A dentist had come with the mission team, so Pastor Stan had him tinker and pray over the VCR as well. Nothing worked. The machine was dead.
That evening Pastor Stan and Gloria brought the VCR and the transformer to the church for the meetings. Humiliated yet hopeful, he explained the disaster to the team, and they all prayed over the VCR. “Lord, this is Your VCR, Your Jesus film, Your gospel, Your animal videos, and these are all Your people. I am so sorry I did something so foolish today. Please make the impossible happen. Please make the burned-up VCR work tonight.” Do you believe God does electronic miracles?
“We decided to believe,” say Pastor Stan and Gloria. “So we went to the church, sang the opening song, plugged the VCR into the transformer box, and pushed the ON button.”
The totally fried 120-volt VCR turned ON, and, powered by an unknown current, worked through the entire meeting. It showed lions and tigers and polar bears. It showed the Bible verses for Pastor Stan’s sermons. And it showed Jesus, alive, walking along the shores of Lake Galilee, healing the sick, playing with the children, and giving His life for the people of Mendi in Papua New Guinea.

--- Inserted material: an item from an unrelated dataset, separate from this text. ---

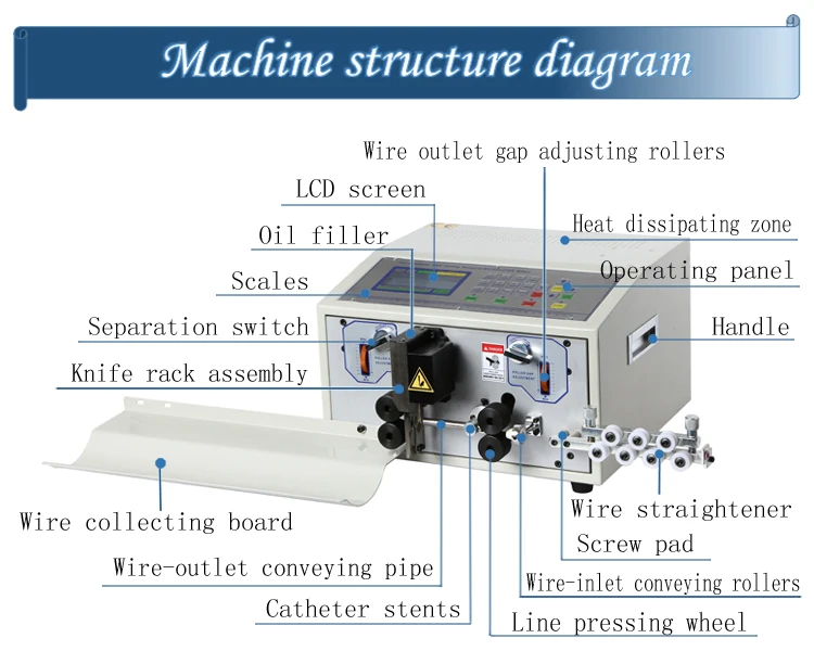 Характеристики функции продукта:Коллекция и интеграция, микрокомпьютер автоматический компьютер для полосы линия машина является своего рода введен в Японии, Тайване, и других передовых технологий автоматизации всех оборудования числового управления. Широко используется в электронной промышленности, городе ahs, электроприборов, моторов, ламп и фонарей, игрушек и других различных продуктов обработки проволоки. Оптимальная разделенная проволока пвх, тефлон, стеклянная проволока и т. Д.Наш продукт предназначен для использования в режиме общения с человеком-машиной с ЖК-экраном, с приятным внешним видом, простой работой, удобным обслуживанием, стабильной производительностью, скоростью, точностью и более высокими основными функциями. Длина провода может установить произвольные, thrum и параметры конца линии также могут в соответствии с запросом клиента изменить, различная степень отделки зачистки проводов, также имеет линию высокого напряжения линии, корпус ножниц и т. Д.Технические параметры:1. Модель: SWT508E2. Напряжение: 110 В переменного тока/220 В/50/60 Гц3. Размеры: 390x350x2554. Режим отображения: жидкокристаллический ЖК-дисплей на китайском и английском языках5. Вес: 32 (кг)6. Мощность: 300 (Вт)7. Длина резки: 1-9999 мм8. Cutring Допуск по уровню поверхности: (0,2 ± 0,002 ×L) мм9. Допуск На Резку: коррекция10. Длина зачистки: головка 0-50 мм, Конец 0-50 мм11. Промежуточная Зачистка: eleven место полосы12. Сечение провода: 0,1 ~ 8mm213. Максимальный диаметр трубки: ¢ 814. Подходит для зачистки проводов: ПВХ/ПТФЭ/силиконовый кабель/стекловолокно15. Материал лезвия: жесткая сталь16. Скорость провода (шт/ч): 2000-500017. Привод: четырехколесный привод

The VCR played through all of that evening’s program. It played all the next evening. And the next, and right on through to the last night of the meetings.
Then it quit.
“We carried it home with us,” says Pastor Stan as he wipes tears from his eyes, “and tried playing a video on it at home. When I pushed the ON button, the VCR whirred, made a clunking sound, and then stopped dead. It never worked again.”
There’s a church in Mendi today. A church where people sing about God’s love. A church where people pray to the God of miracles.